Lokalne

Rozgrzewająca moc LNG, czyli skąd mamy to ciepło

Opublikowano

w dniu

Po raz pierwszy ludzkość odkryła praktyczne zastosowanie gazu w 900 roku naszej ery. Od tej pory minęło sporo ponad tysiąc lat i dziś jest to podstawowe paliwo służące do ogrzewania naszych domów. W jaki sposób gaz trafia do naszych kuchni? To długa i skomplikowana droga.

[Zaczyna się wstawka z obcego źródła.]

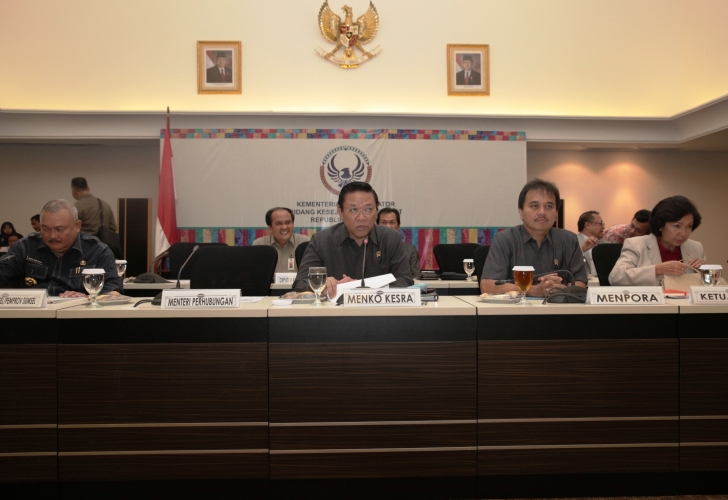 Jakarta, 11 September 2014 - Menteri Koordinator Bidang Kesejahteraan Rakyat H.R. Agung Laksono memimpin rapat koordinasi terkait dengan persiapan penyelenggaraan Asia Games ke-18 di Indonesia pada tahun 2018. Hadir dalam rapat tersebut Menteri Pemuda dan Olahraga, Roy Suryo, Gubernur Sumatera Selatan Alex Nooerdin, dan Ketua Komite Olahraga Indonesia (KOI) Rita Subowo, di Kantor Kemenko Kesra Jakarta, Kamis (11/09). (foto;deni)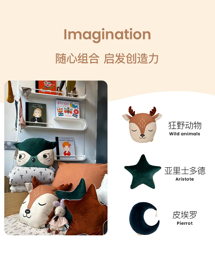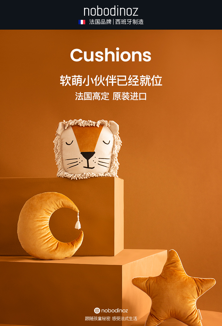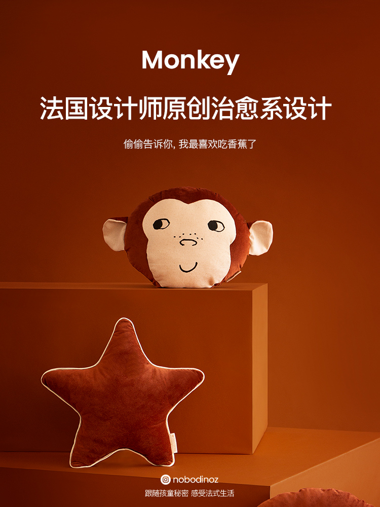法国 Nobodinoz 淘气猴靠垫 35X32X10 棕褐色 N112565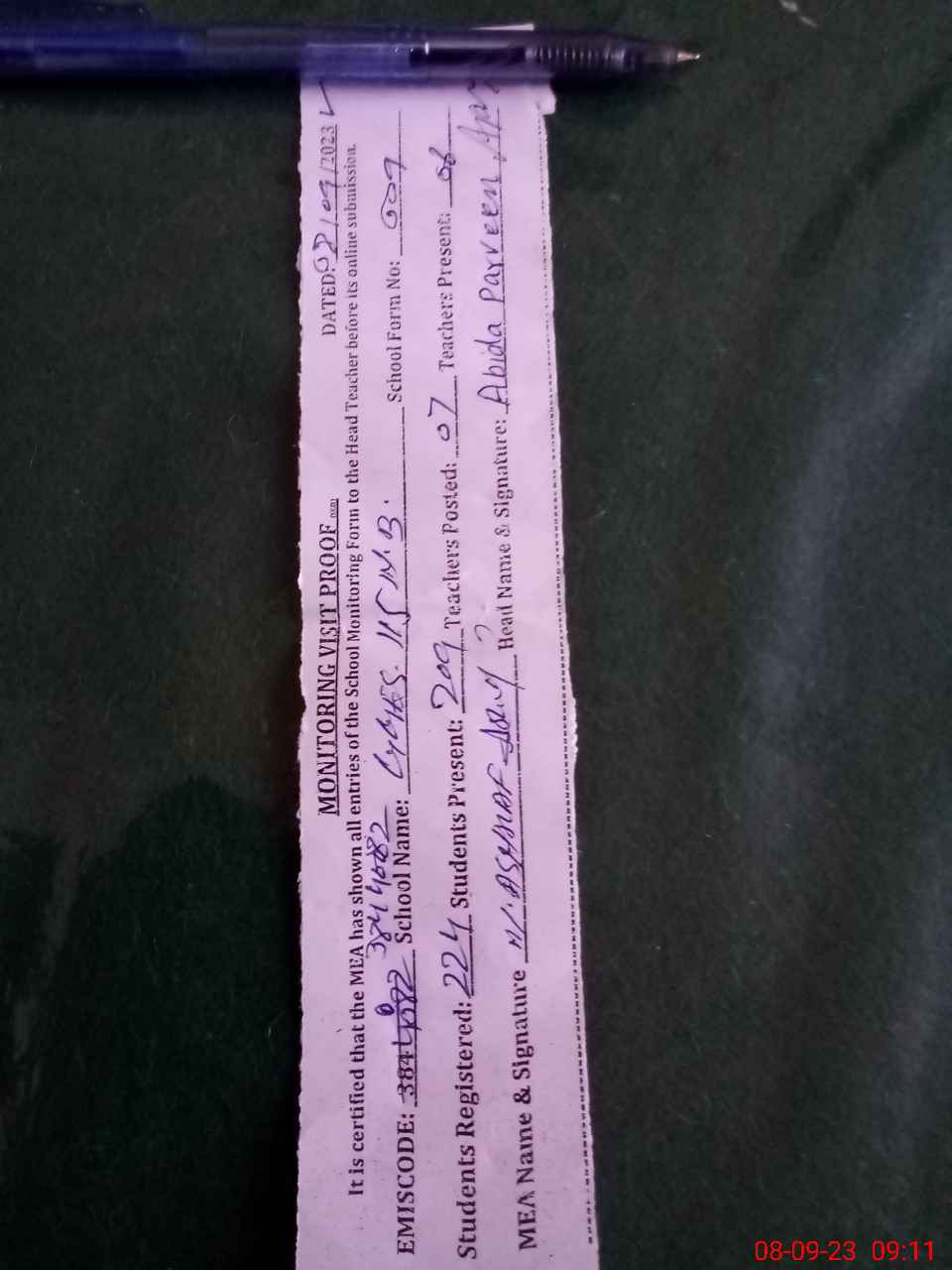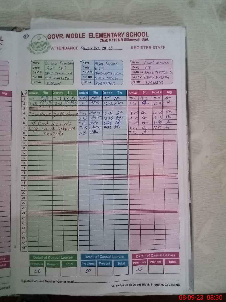 | Name: Ab**** Pa**** Designation: (School Headmaster's/Headmistress's) EST G Phone/Cell Number: 03**** |
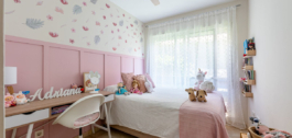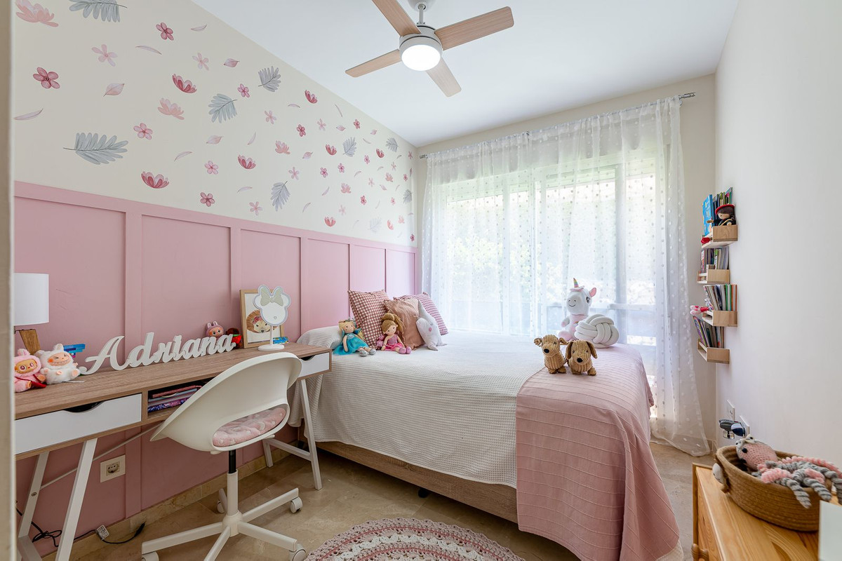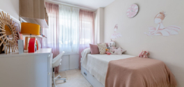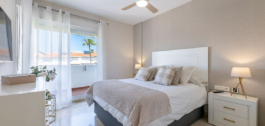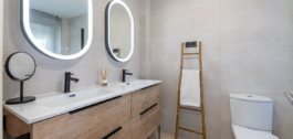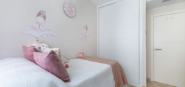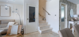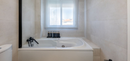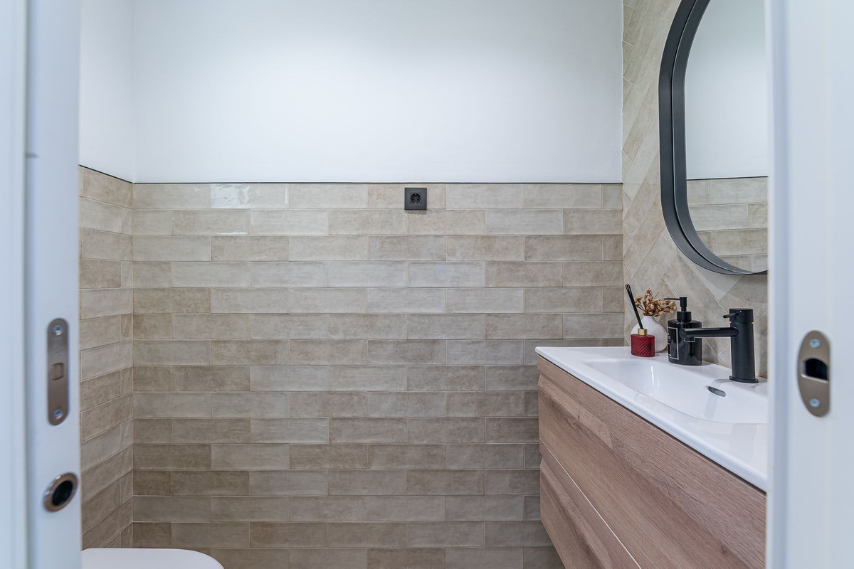 De bovenste verdieping heeft drie tweepersoonsslaapkamers, waaronder de hoofdslaapkamer met en-suite badkamer en toegang tot een privébalkon van ongeveer 8 m². In totaal heeft de woning drie complete badkamers.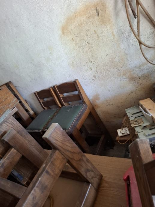 Stolovi, stolice, vrata i hrastove grede.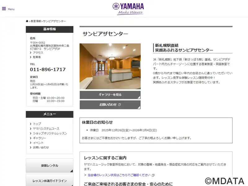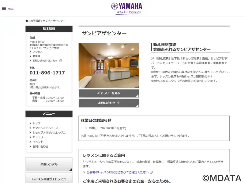 札幌市厚別区にある、ヤマハ認定講師による共通テキスト、カリキュラムでレッスンを行うレッスンセンター。音楽を通してこころを育てる「ヤマハ音楽教室」と、大人の方にぴったりの音楽の習い事「大人のヤマハ音楽教室」のほか「ヤマハ英語教室」「歌って踊れる青春ポップス」を開講している。オリジナルコースとしてピアノ、エレクトーン、サックス、フルート、ハープ、歌などのコースを用意する。JR新札幌駅・地下鉄新さっぽろ駅直結。
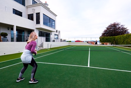 Beneath the Lake Villa, this contemporary and functional two-bedroom apartment enjoys spectacular views over the tennis court to the city and glimpses of the lake. This self-contained apartment is light, bright and airy. If offers spacious living suitable for two couples or a family of four. Each bedroom has a large separate bathroom where you can soak in the spa bath or choose to relax in the hot tub in the courtyard.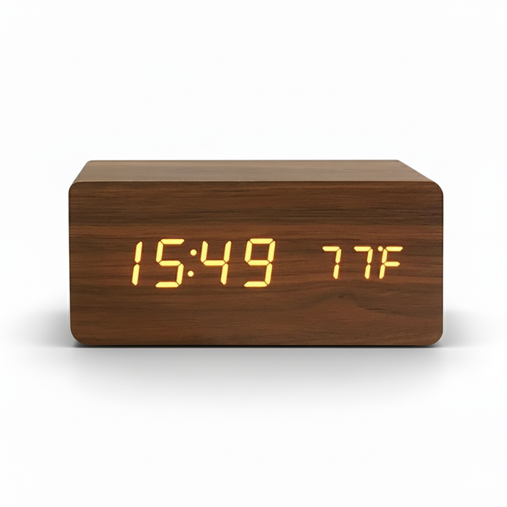 tart your day with simplicity and style. WoodAlarm combines a modern LED display with a natural wood design, making it a practical and elegant addition to any bedroom or workspace.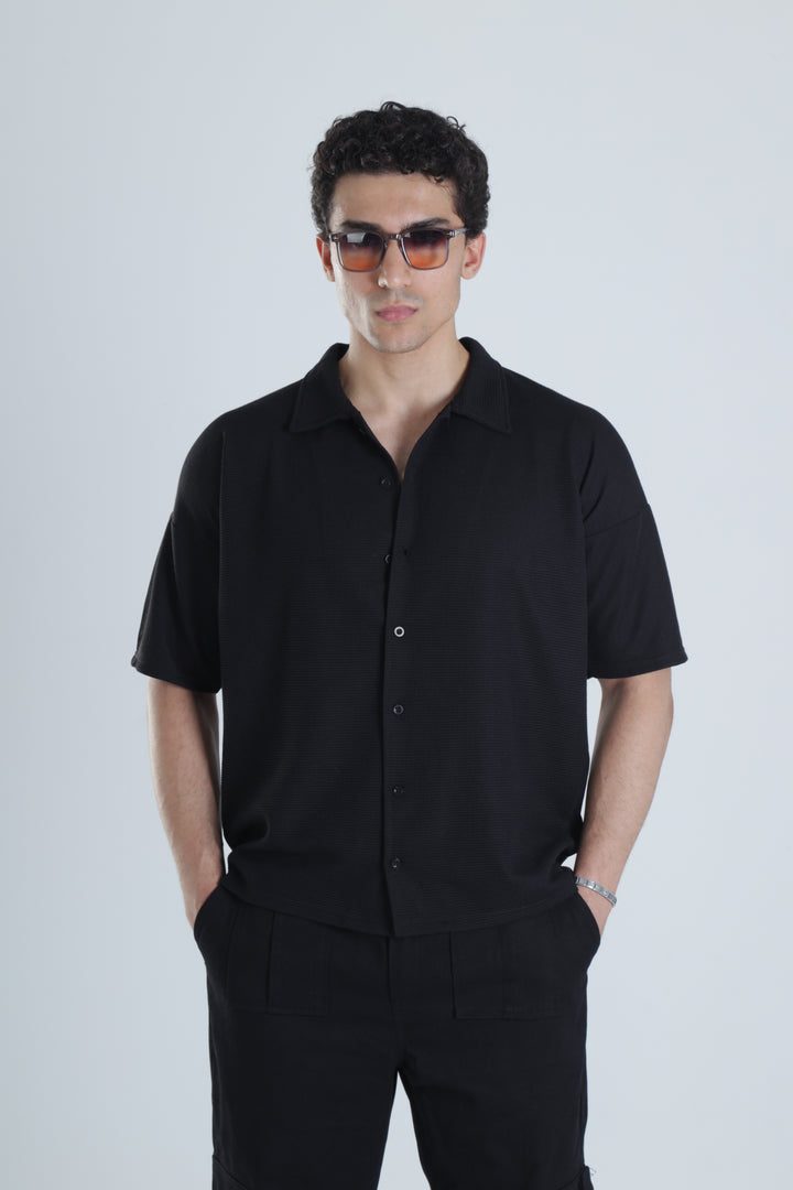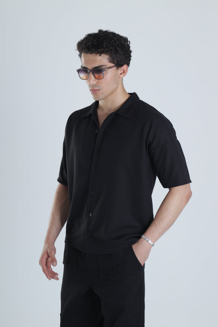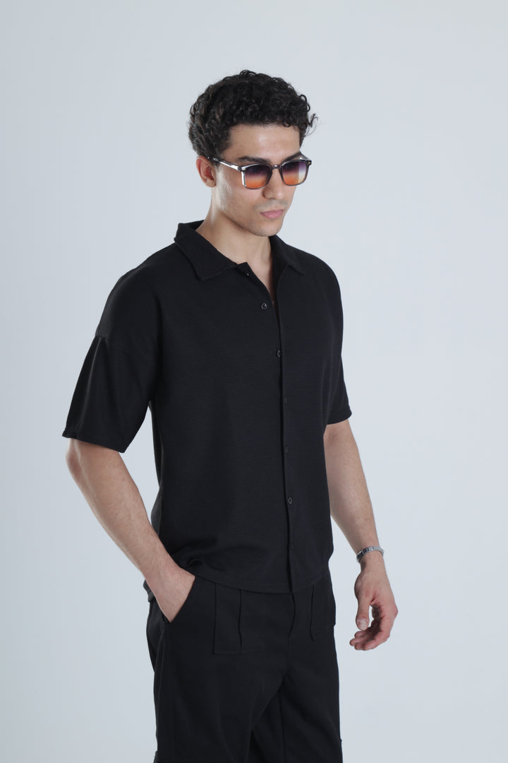 Erkek Siyah Gofre Gömlek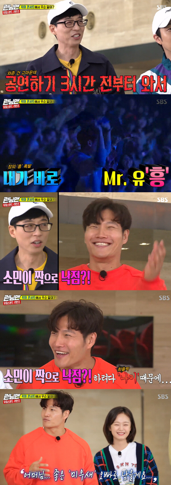 김종국은 "멤버들이 다 와줬다"며 고마움을 드러냈다. 그는 "재석이 형은 공연하기 3시간 전부터 와서 '게스트 내가 하면 안되겠냐'고 하더라"며 "결국 안했는데 혼자 춤 추다 걸렸다"고 말해 웃음을 안겼다. 이후 유재석은 객석에서 '흥'을 폭발시켰다.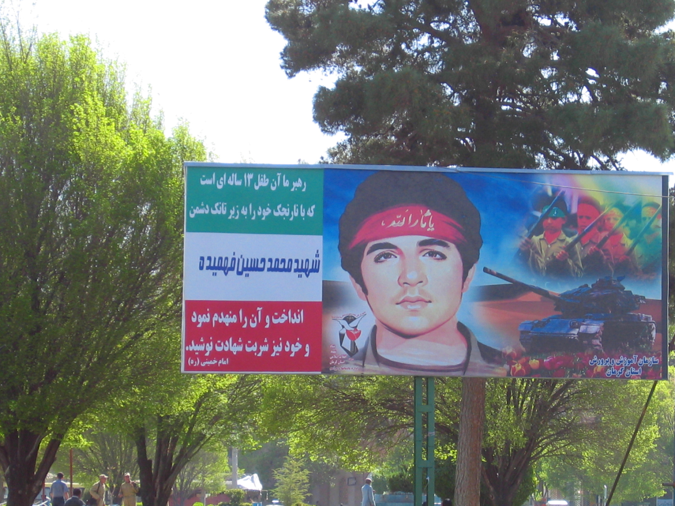 Cartel recordatorio de los mártires de la guerra Irán-Irak, Kermán, Irán

Rozkosz picia świeżo zaparzonej herbaty potrafi być jedną z milszych chwil wieczoru, kiedy po wielu godzinach pracy siadamy z parującym kubkiem na wygodnej kanapie. Wanna właśnie zapełnia się gorącą wodą, a grzejniki dają tak cudowne ciepło w te chłodne zimowe dni. Prawda, że to wspaniały sposób na relaks? Nawet przez moment nie musimy wtedy zastanawiać się, skąd się bierze ten płomień podgrzewający wodę w kuchence gazowej czy piecyku. Chociaż nie, może jednak zastanówmy się przez chwilę. Chodzi przecież o gaz, paliwo bez którego nasza codzienność mogłaby wyglądać zgoła inaczej. Tym bardziej, że zapotrzebowanie na gaz ziemny szybko rośnie na całym świecie. Szacuje się, że w 2020 r. przekroczy popyt na ropę.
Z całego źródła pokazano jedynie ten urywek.